Start of Available records

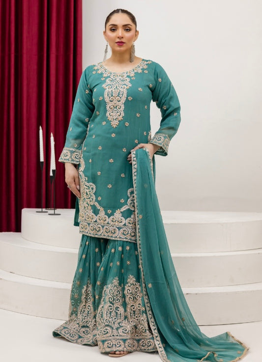 Brit 3 piece velvet_81042 Pakistani ladies suit Teal B269
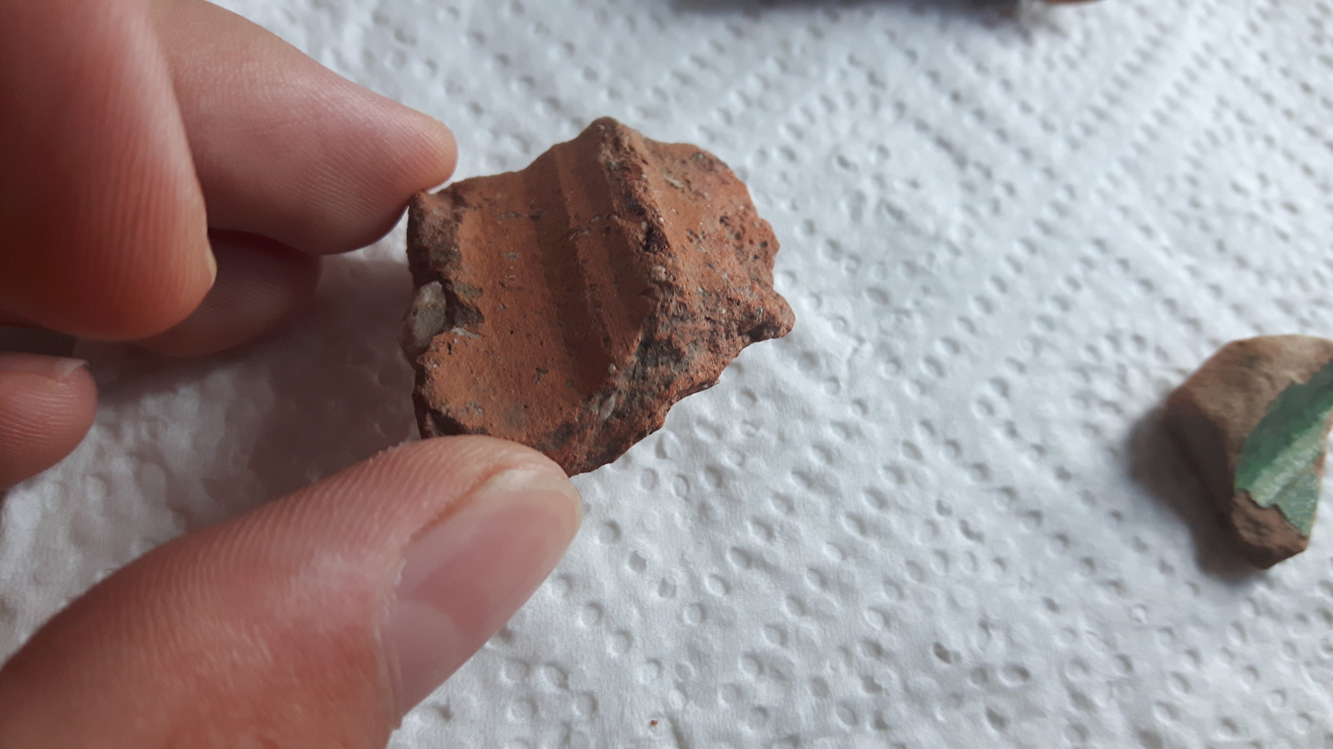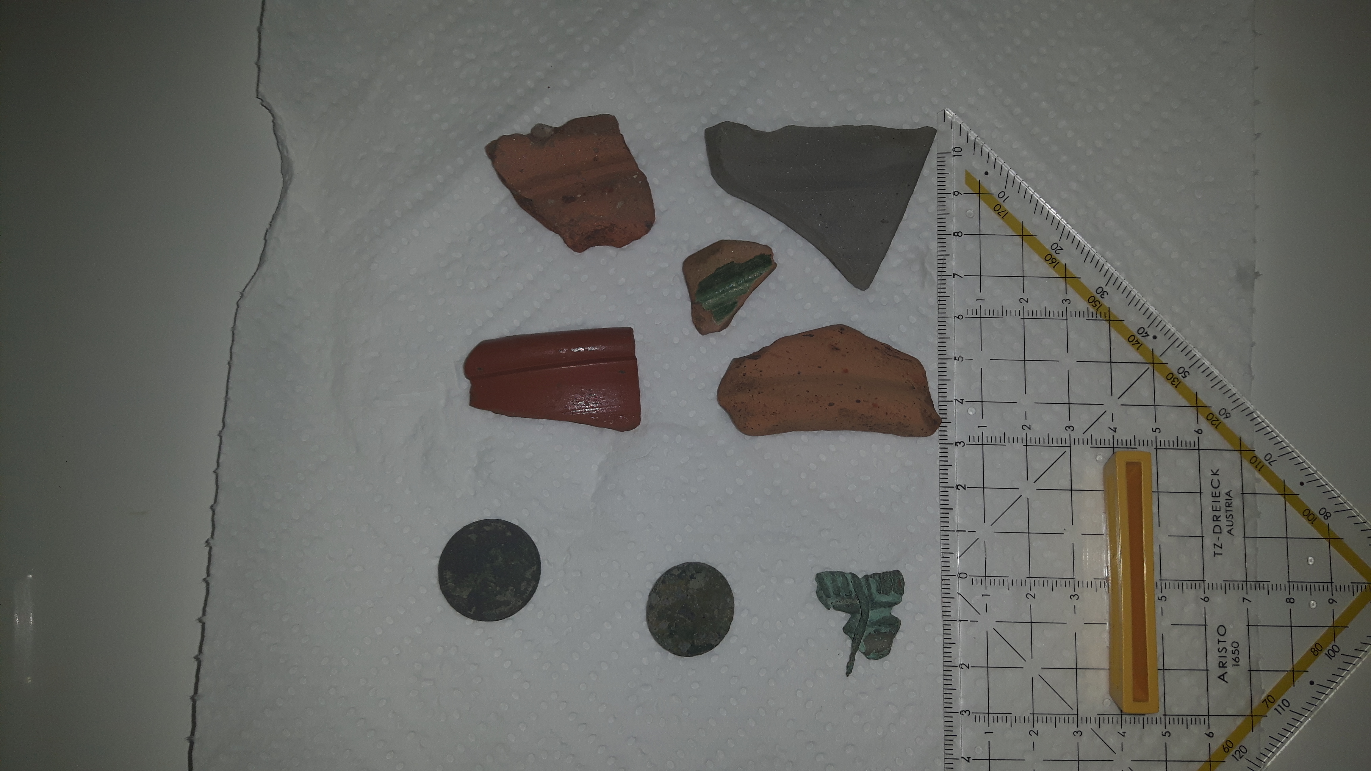 Die "rote Keramik" ist nach Autopsie der Bilder eventuell ein Randscherbe Terra Siggilata (Dragendorff 29 oder 37). Der Glanz spricht für südgallische Produktion als dann vermutlich Drag. 29 und in die gleiche Zeit zu datieren wie das Fibelfragment. Die Scherbe mit der grünen Glasur ist mittelalterlich oder neuzeitlich, der Rest nicht zu erkennen.
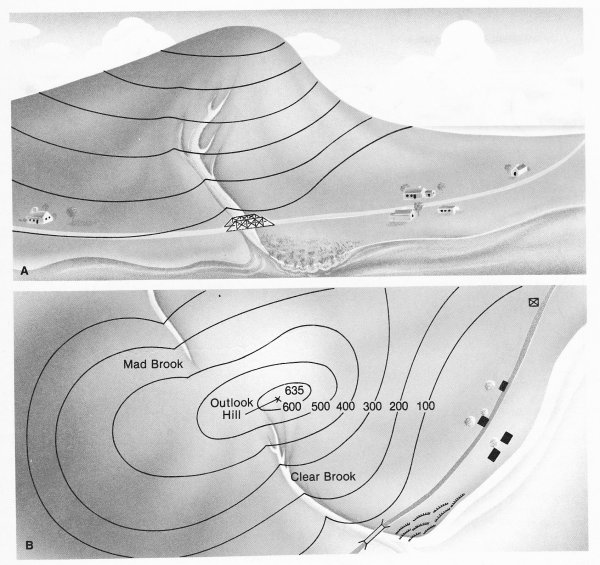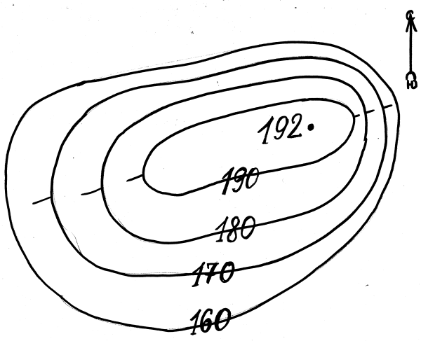 ![Горизонтали на топографической карте холм склон Северо-Запад]()
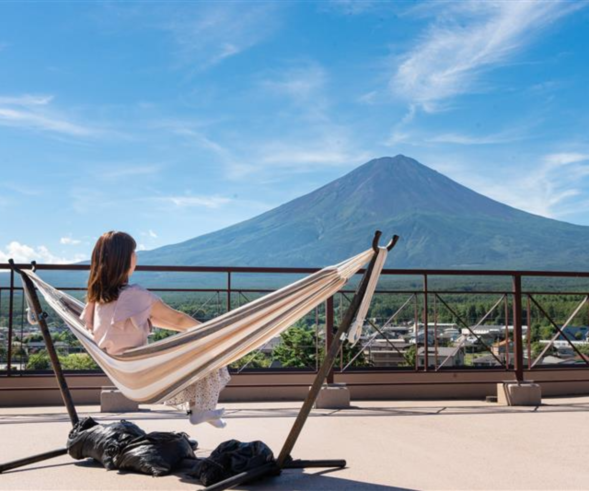 ふじさんデッキは、ハーブ庭園旅日記富士河口湖庭園内にある富士山・河口湖・庭園を一望できる高さ13メートルの展望台です。眺めはお客様の旅の思い出の1ページとなること間違いなし!2階には、ごゆるりとお茶とスイーツが楽しめる「ふじパノラマカフェ」もございます。
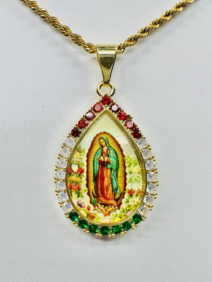 - Our Lady of Guadalupe Tear Drop Pendant - Has Mexican color stones (Red, White and Green)
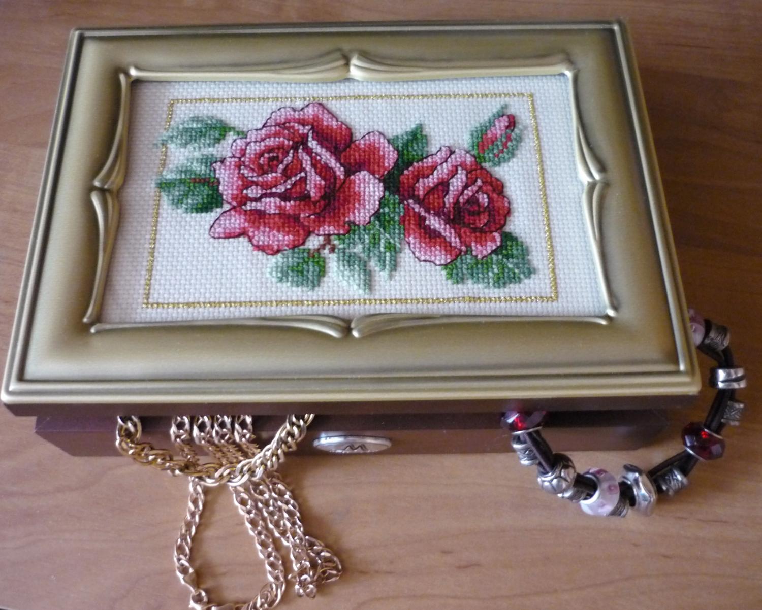 17 апреля 2015 Закончила свои фиалочки Теперь надо собраться оформить. Занималась ещё вышивкой для шкатулки.Самая обычная шкатулка, небольшого размера с тремя отделениями внутри, но главное достоинство этой вещицы то , что в крышке фоторамка со стеклом , значит туда можно приспособить и вышивку Долго перебирала в уме подходящие сюжеты, размер полезной площади уж больно мал 8 на 13 см да и хотелось чего-то поярче. Остановилась на этом фрагменте из набора DOME , только поменяла канву на 18 ( как раз размеры все уменьшились).Думала показывать процессик или нет, потом решила - вдруг кому пригодится . Итак, розы от DOME, 18 канва цвета топленого молока, 16 цветов, размер 8 на 13 см. Сделала бэк на цветочках и рамочку золотым люрексом.Вот что получилось Так что теперь украшения не будут валяться где попало ,а при желании можно и поменять сюжетик, хотя пока мне эти розы больше всего нравятся... alex1942, Юнона1960, Наталья2013 и 10 других сказали спасибо Поделиться сообщением Ссылка на сообщение
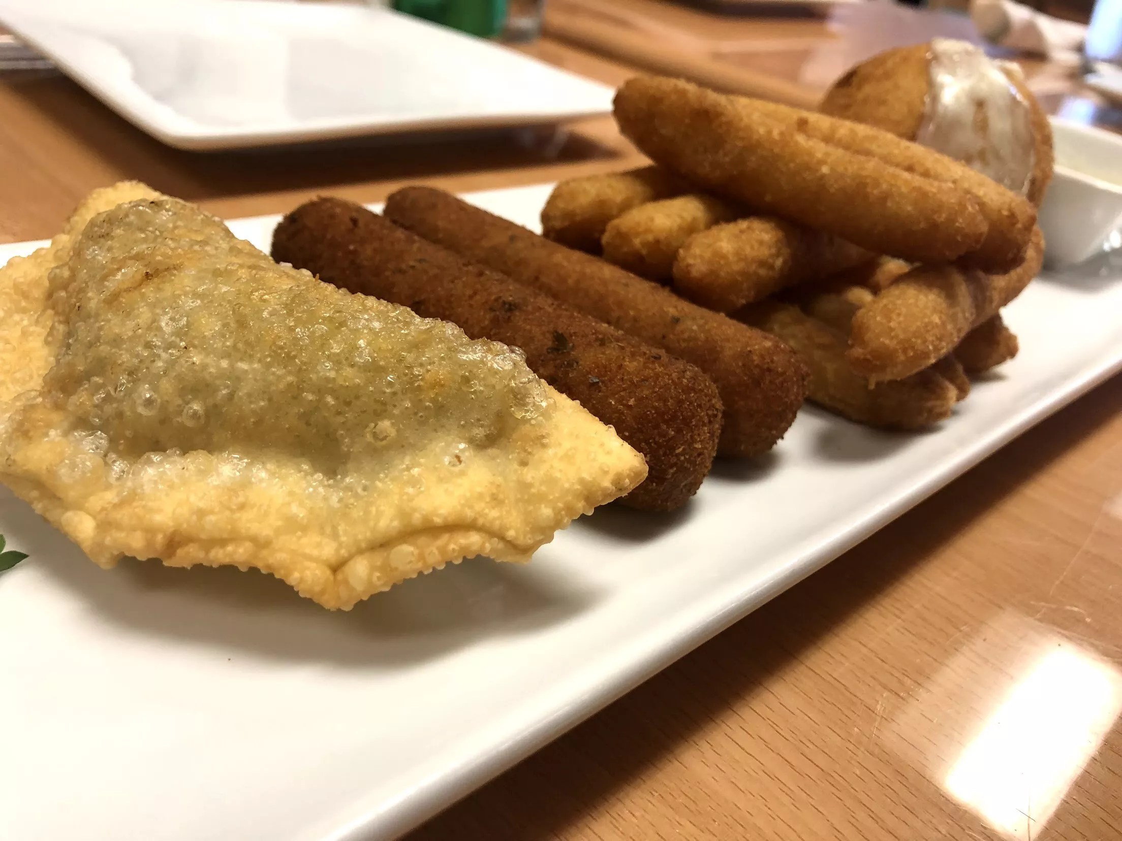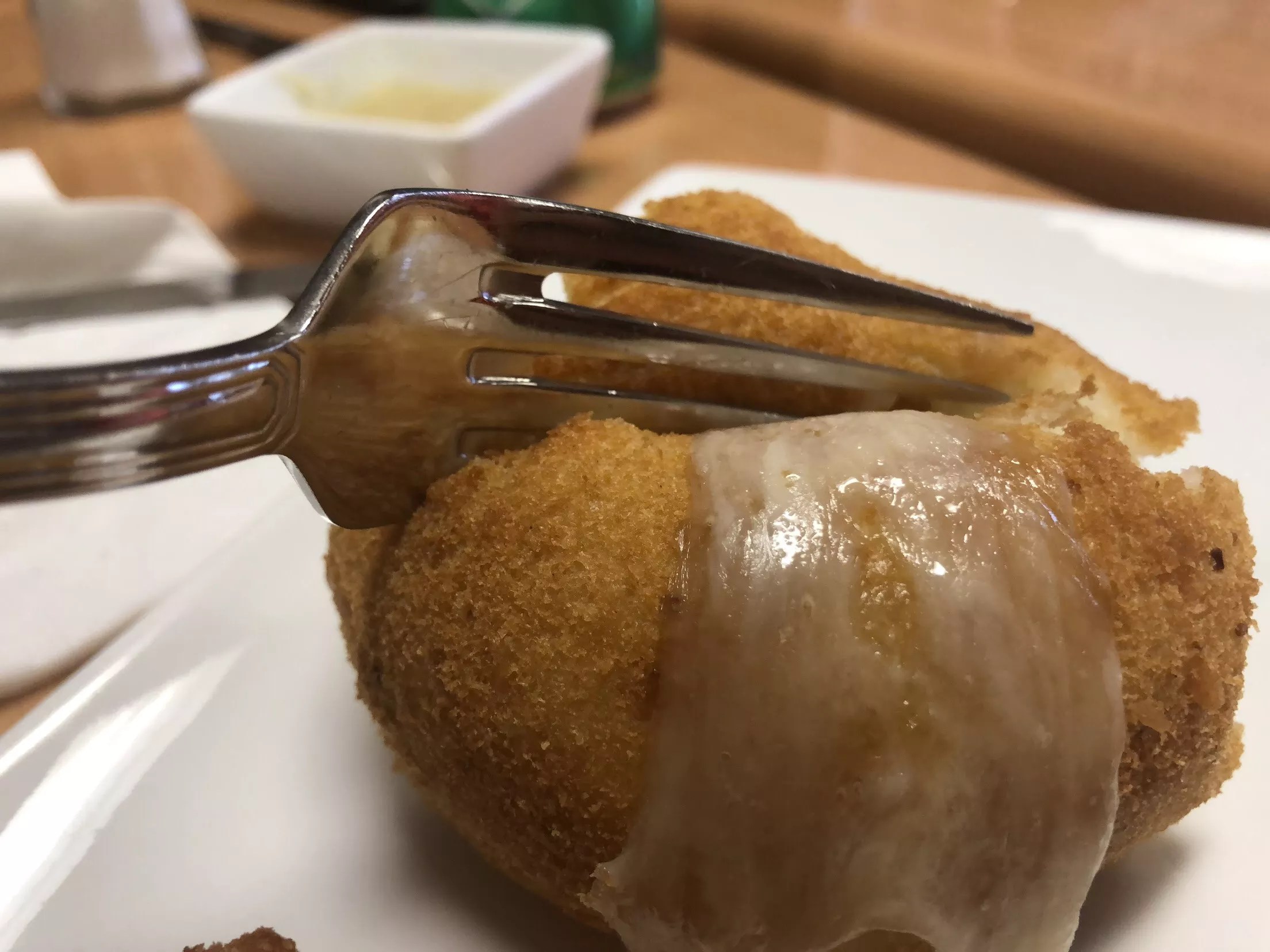 The croquettes are breaded, stuffed with cheese, mashed potatoes and ground ham. It starts with a crunch, then the inner workings of the croquette melt in your mouth like a truffle.
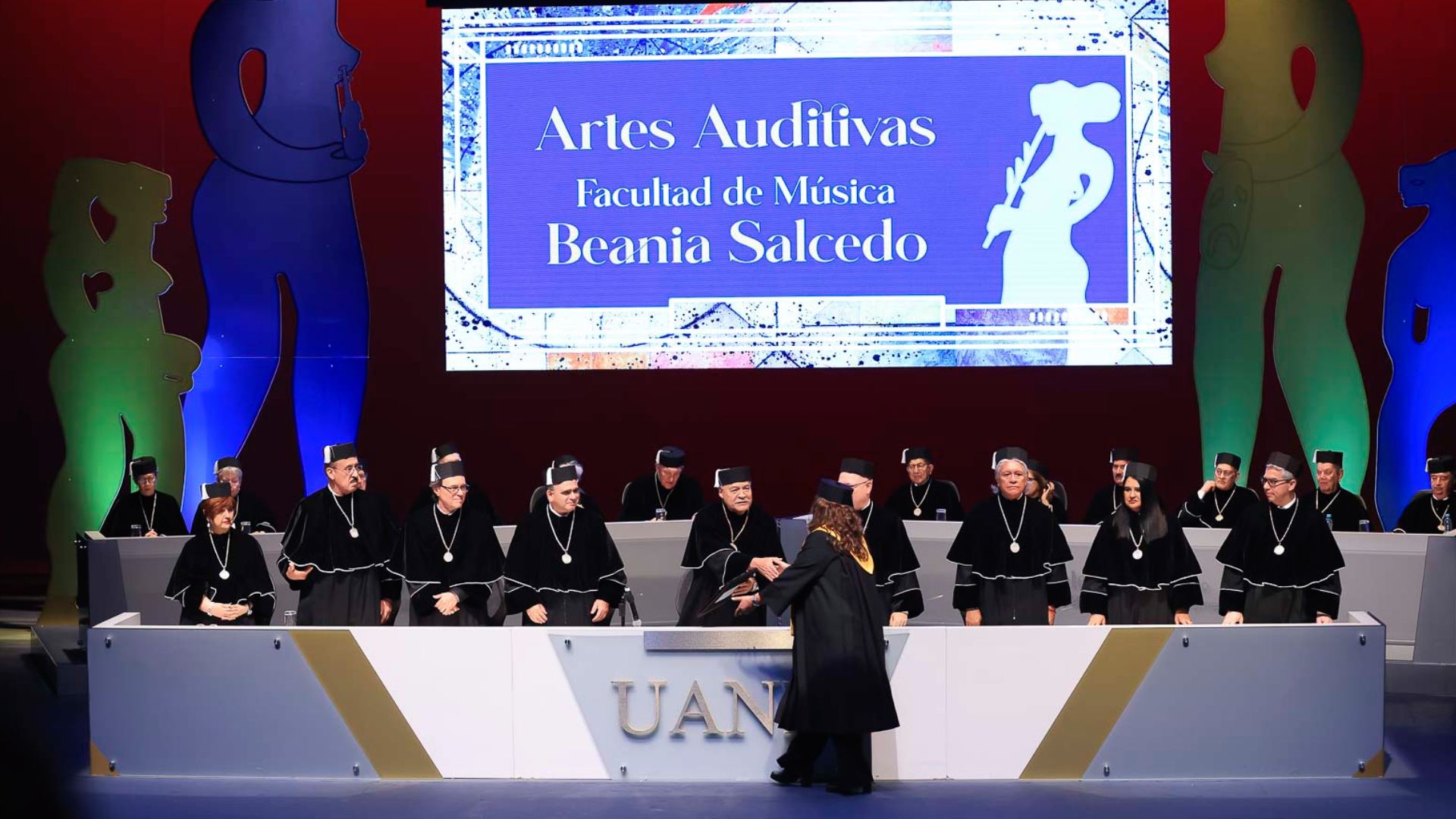 Beania Salcedo Moncada, de la Facultad de Música, acreedora del premio en el área de artes auditivas, enfatizó la importancia y el valor de la cultura, en especial la música, para todos las personas.
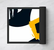 Kühne schwarze Kurven verflechten sich mit einem leuchtenden goldenen Quadrat in der Mitte und schaffen eine dynamische und abstrakte Komposition. Das Zusammenspiel von dunklen und hellen Kontrasten verleiht dem Design Tiefe und Bewegung.
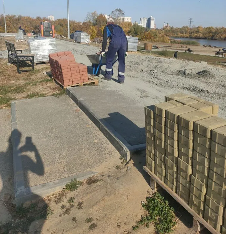 В Кургане возле популярного пляжа «Бабьи пески» рабочие кладут разноцветную плитку вместо асфальта. Об этом корреспонденту URA.RU рассказал очевидец. Работы ведутся в рамках восстановления набережной после последствий паводка.
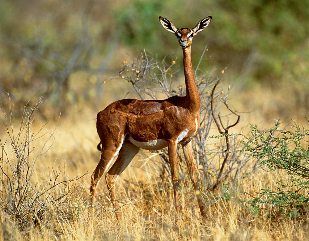 Еще одно название этого животного – «Жировая газель». Она относится к семейству антилоп. Высота тела Генерук достигает 95 см, а максимальный вес 52 кг. Самцы имеют рога,а у самок же эта часть тела отсутствует. Живут они в степях на территории Африки.
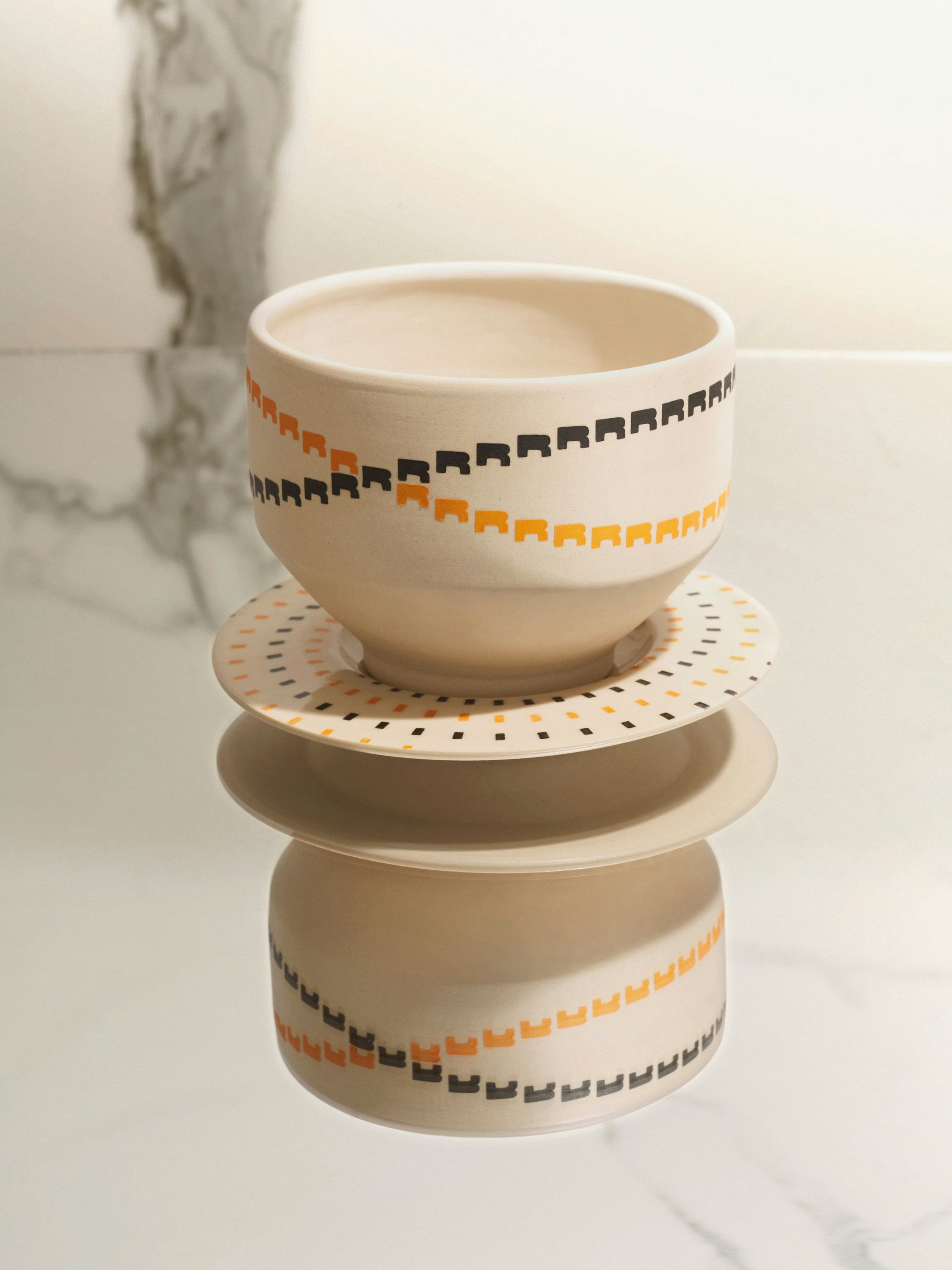 Potter Kenny Sing worked on the Rarible teacup and saucer set. Sing often merges tech and art and likes that his work can be experienced both physically (as a usable, handheld cup) and digitally (as pictures and videos). He runs turn.studio and many of his works feature animation which he crafts with the help of software. The block imagery on the saucer and the chain shape of the animation are a nod to the blockchain technology behind NFTs.

End of Available records

The copy must begin at the line containing "В Кургане возле" and end at the last line of the data above, with every line retyped exactly and no pictures included.

 В Кургане возле популярного пляжа «Бабьи пески» рабочие кладут разноцветную плитку вместо асфальта. Об этом корреспонденту URA.RU рассказал очевидец. Работы ведутся в рамках восстановления набережной после последствий паводка.
 Еще одно название этого животного – «Жировая газель». Она относится к семейству антилоп. Высота тела Генерук достигает 95 см, а максимальный вес 52 кг. Самцы имеют рога,а у самок же эта часть тела отсутствует. Живут они в степях на территории Африки.
 Potter Kenny Sing worked on the Rarible teacup and saucer set. Sing often merges tech and art and likes that his work can be experienced both physically (as a usable, handheld cup) and digitally (as pictures and videos). He runs turn.studio and many of his works feature animation which he crafts with the help of software. The block imagery on the saucer and the chain shape of the animation are a nod to the blockchain technology behind NFTs.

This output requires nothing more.